▶ **Work task**: When the listing below reaches the line that has "2.打造这款车,直接买了一台", start reproducing exactly; stop after the line that has "Anstecknadel Vintage in", and drop the pictures.

Information shown Block Start

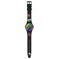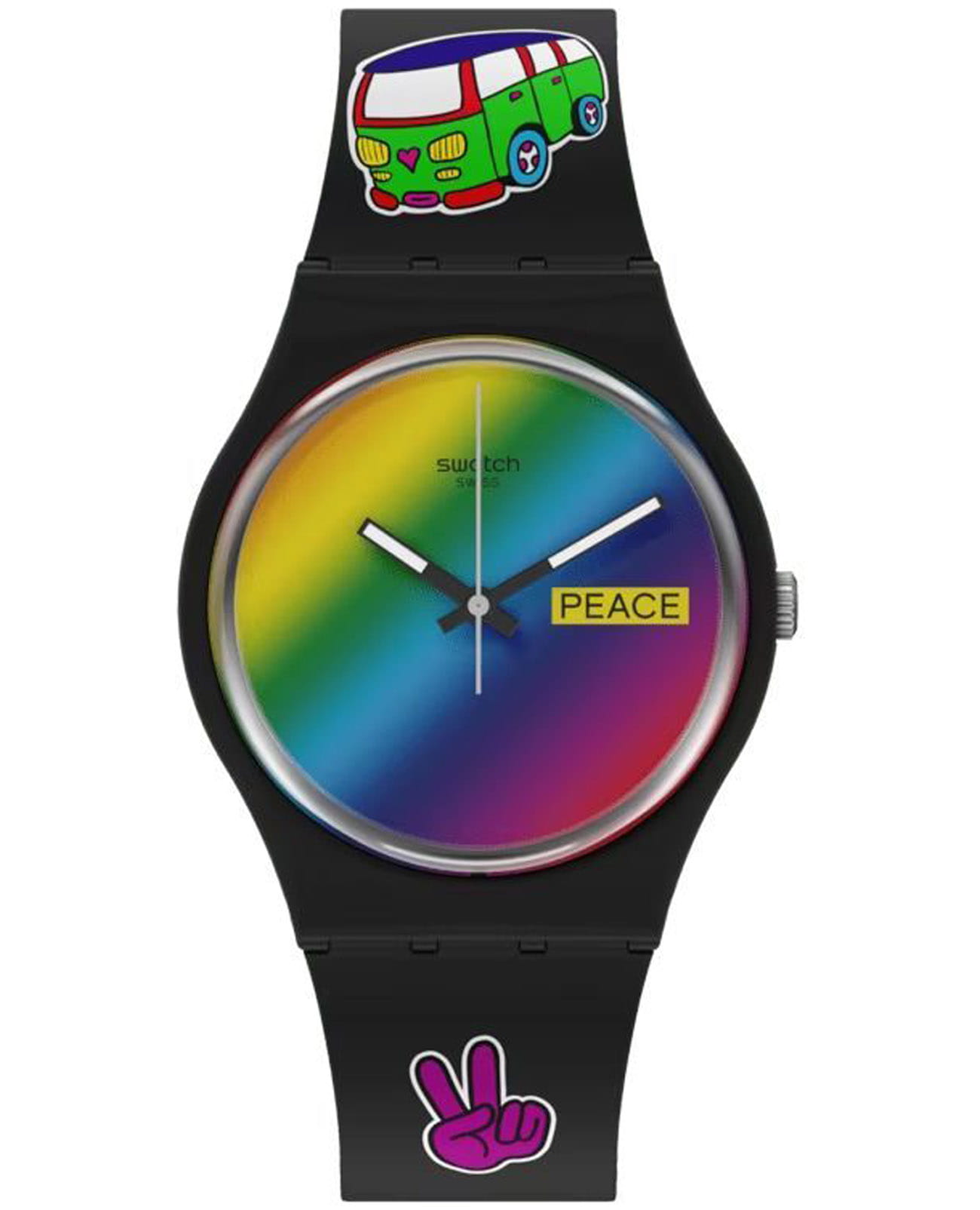 Часы Swatch SO31B101 — стильный и удобный аксессуар. Кварцевые часы с корпусом из биокерамики. Эти часы с радужным градиентом полностью вдохновлены стилем 60-х годов: они имеют корпус из черной биокерамики, стекло из биоматериала, черный силиконовый ремешок с многоцветными напечатанными символами и циферблат с радужным принтом. Слово "Мир" заменяет окно даты на этих часах. Часовая и минутная стрелки - с люминесцентным покрытиемЛюминесцентное покрытиеПозволяет считывать показания времени в темноте. Производители наносят на стрелки, часовые индексы, безель или поверхность циферблата светонакопительный состав, дающий холодное свечение., светятся в темноте. Ремешок силиконовый на стандартной застёжке. Внутри часов установлен надежный кварцевый механизм, который обеспечивает точность хода. Эти часы водонепроницаемы до 30 метров, что позволяет не беспокоиться о случайных брызгах или дождевых каплях. Swatch SO31B101 — это идеальный выбор для тех, кто ценит сочетание стиля, комфорта и функциональности в одном аксессуаре.
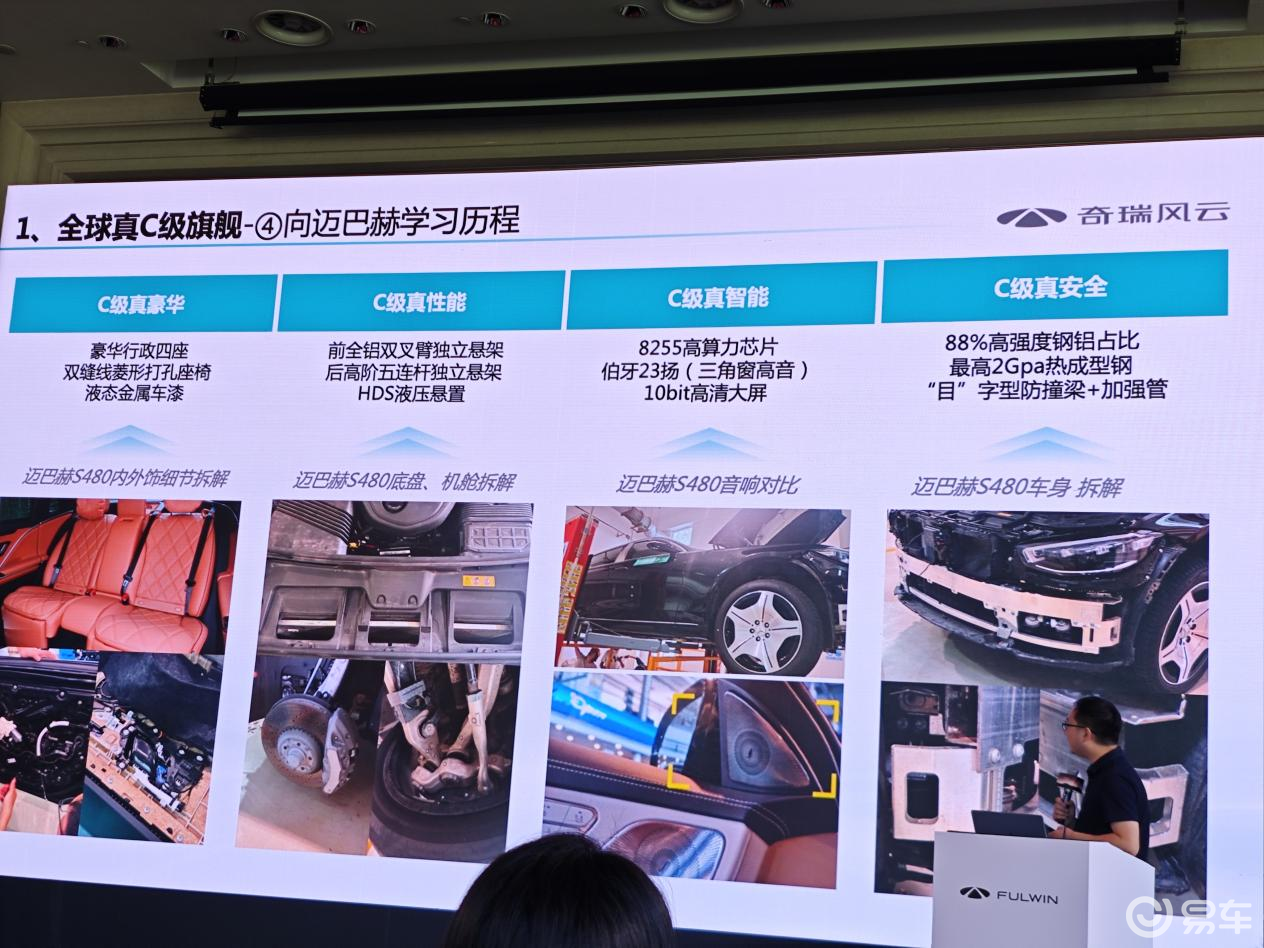2.打造这款车,直接买了一台迈巴赫S480,从内饰的设计,双拼色和双缝线菱形打孔的座椅都做了学习,鸣笛喇叭也学习了迈巴赫,放在了保险杠前可以有效的避免声音传到驾驶室。以及前备箱零部件的打胶隔音,打的都是很贵的胶。
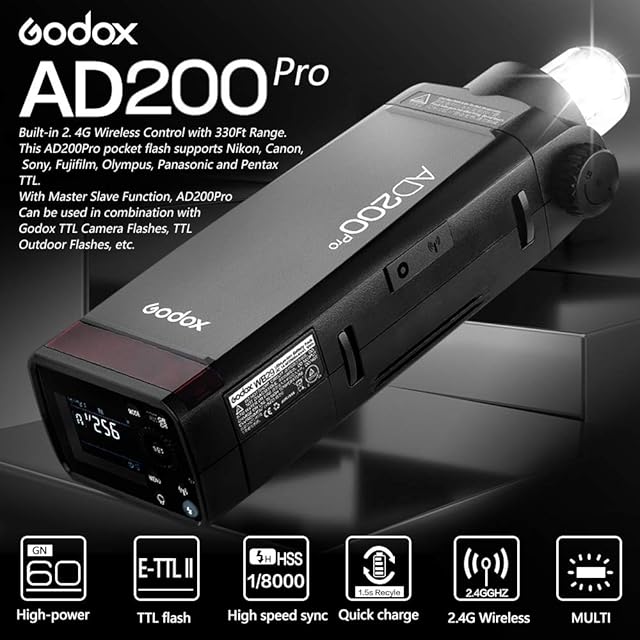 【Godox Xシステム伝送】光と安定した出力を提供するGodox Xシステム。 Godox Xシステムを使用する場合、AD200proはCanon E-TTL、Nikon i-TTL、Sony TTLなどに対応しています。
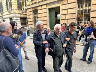 Un pomeriggio di memoria viva e di storia condivisa, oggi, nel rettorato dell’Università di Genova in via Balbi 5, occupato dal 23 settembre dagli studenti in solidarietà alla Palestina. Lì, dove da più di due settimane si svolgono assemblee e iniziative culturali, è arrivato Giordano Bruschi, detto “Giotto”, partigiano genovese e memoria centenaria della Resistenza.
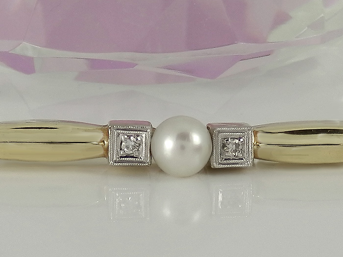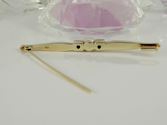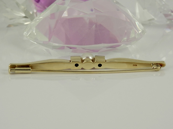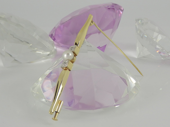 Anstecknadel Vintage in 585/- Gelbgold mit 1 Zuchtperle + 2 kl. Diamanten
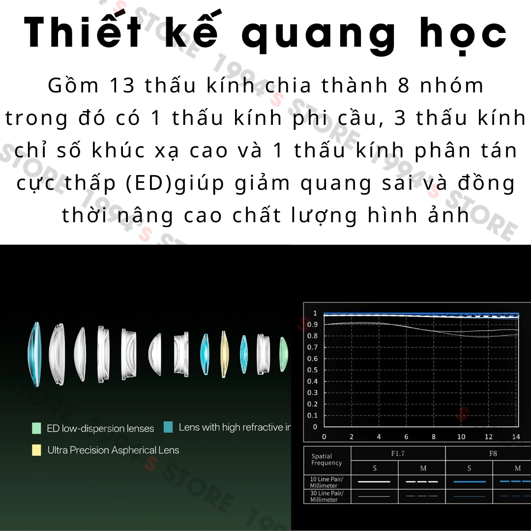 🔵 Thiết kế quang học: Gồm 13 thấu kính chia thành 8 nhóm trong đó có 3 thấu kính chiết suất cao, 1 thấu kính phi cầu và 1 thấu kính phân tán cực thấp (ED)giúp giảm quang sai và đồng thời nâng cao chất lượng hình ảnh
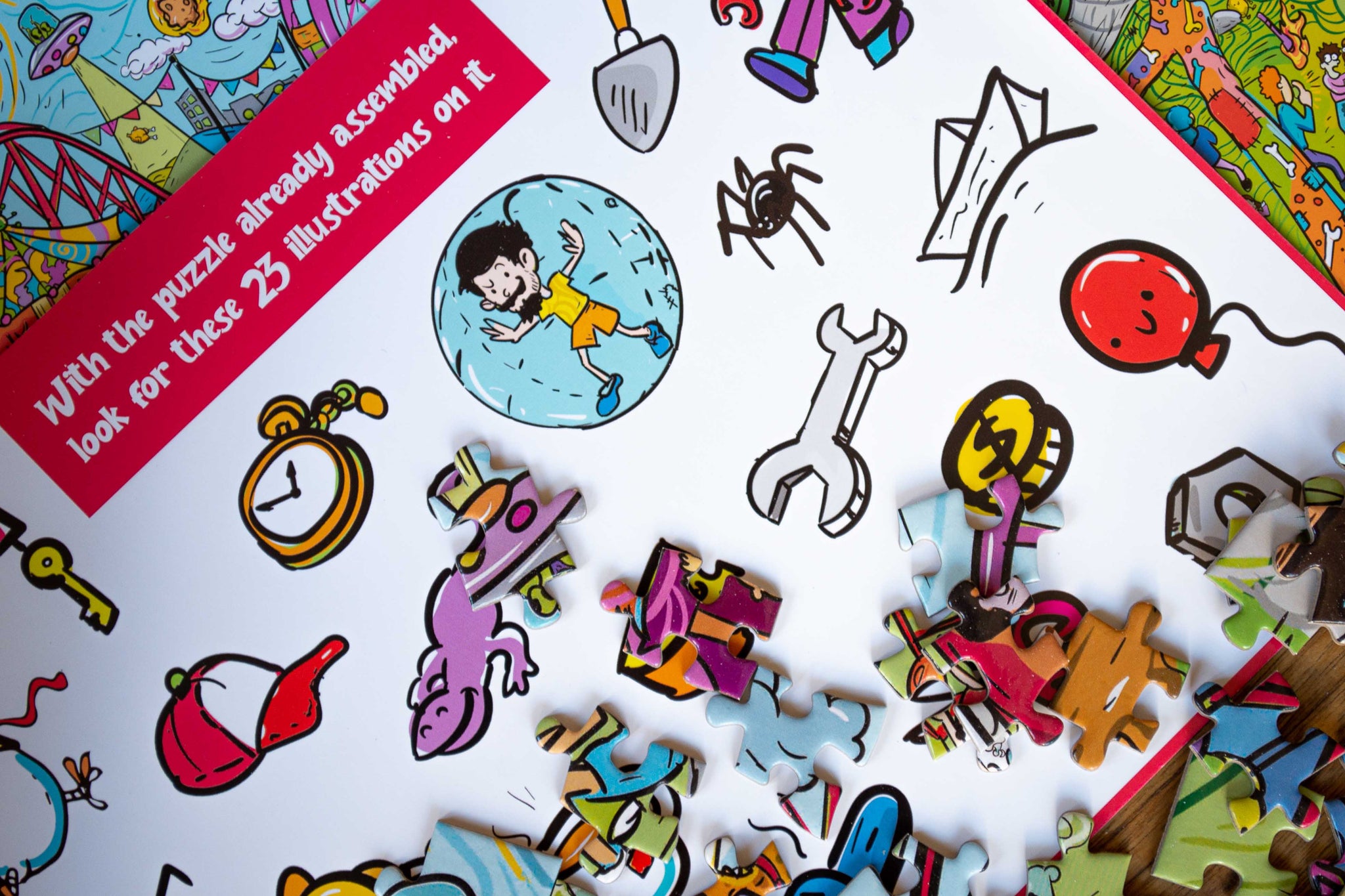 Puzzle 1.000 piezas de 50x70 cm / Ilustrado por Felipe Santis (@loco_santi) / Una vez armado, te invita a encontrar las 23 ilustraciones que se encuentran en él. / Incluye guía de armado y guía con ilustraciones para descubrir.

Information shown Block End

▶ **Response to the task**:
2.打造这款车,直接买了一台迈巴赫S480,从内饰的设计,双拼色和双缝线菱形打孔的座椅都做了学习,鸣笛喇叭也学习了迈巴赫,放在了保险杠前可以有效的避免声音传到驾驶室。以及前备箱零部件的打胶隔音,打的都是很贵的胶。
 【Godox Xシステム伝送】光と安定した出力を提供するGodox Xシステム。 Godox Xシステムを使用する場合、AD200proはCanon E-TTL、Nikon i-TTL、Sony TTLなどに対応しています。
 Un pomeriggio di memoria viva e di storia condivisa, oggi, nel rettorato dell’Università di Genova in via Balbi 5, occupato dal 23 settembre dagli studenti in solidarietà alla Palestina. Lì, dove da più di due settimane si svolgono assemblee e iniziative culturali, è arrivato Giordano Bruschi, detto “Giotto”, partigiano genovese e memoria centenaria della Resistenza.
 Anstecknadel Vintage in 585/- Gelbgold mit 1 Zuchtperle + 2 kl. Diamanten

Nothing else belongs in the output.